++++ Listed entries

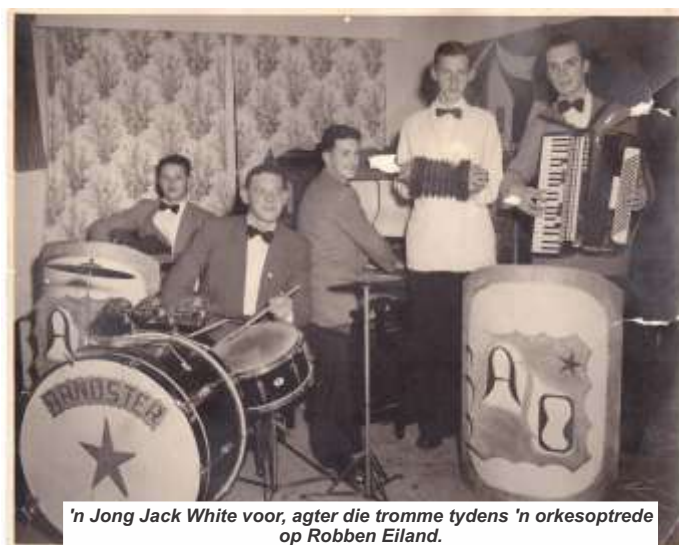
'n Jong Jack White voor, agter die tromme tydens 'n orkesoptrede op Robben Eiland.
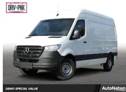
2019 Mercedes-Benz Sprinter 2500 Standard Roof V6 Van Cargo Van MSRP $45,423
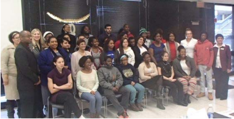
Alumni Panel: Upward Bound collaborated with Upward Bound Math & Science for a Q&A with alumni from both programs.
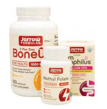
30% off JARROW FORMULAS Energy, Immune and Bone Health Support Selected varieties.
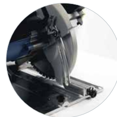
Depth adjustment with scaling
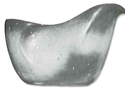
4A—8 OZ. CREAMER 3.25
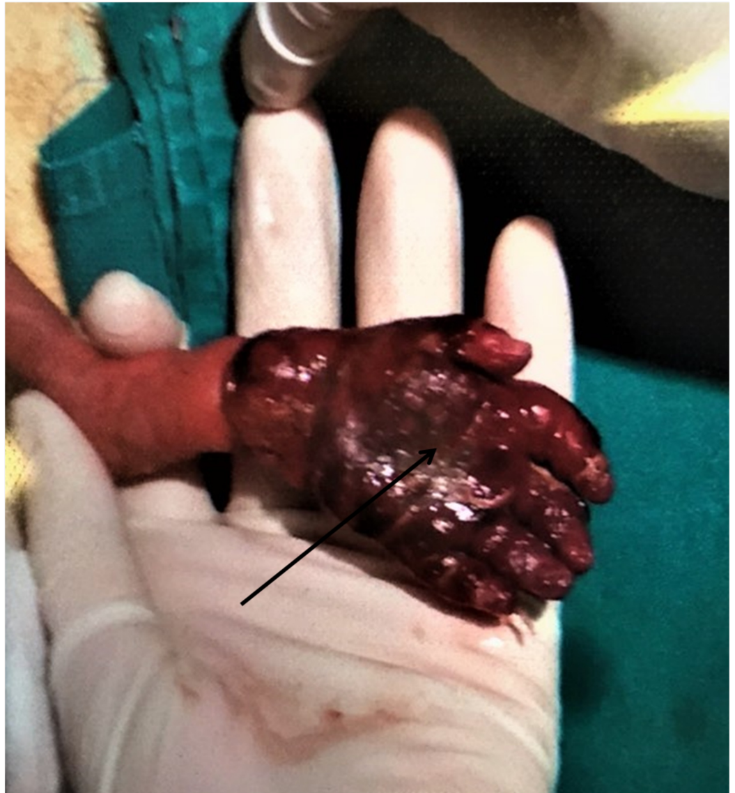
FIGURE 1: Severe swelling and vascular compromise of the hand, distal to the amniotic band.

++++++++

## Instructions to follow
Verbatim repeat, images removed: give each entry again exactly as it reads.

## Written response
'n Jong Jack White voor, agter die tromme tydens 'n orkesoptrede op Robben Eiland.
2019 Mercedes-Benz Sprinter 2500 Standard Roof V6 Van Cargo Van MSRP $45,423
Alumni Panel: Upward Bound collaborated with Upward Bound Math & Science for a Q&A with alumni from both programs.
30% off JARROW FORMULAS Energy, Immune and Bone Health Support Selected varieties.
Depth adjustment with scaling
4A—8 OZ. CREAMER 3.25
FIGURE 1: Severe swelling and vascular compromise of the hand, distal to the amniotic band.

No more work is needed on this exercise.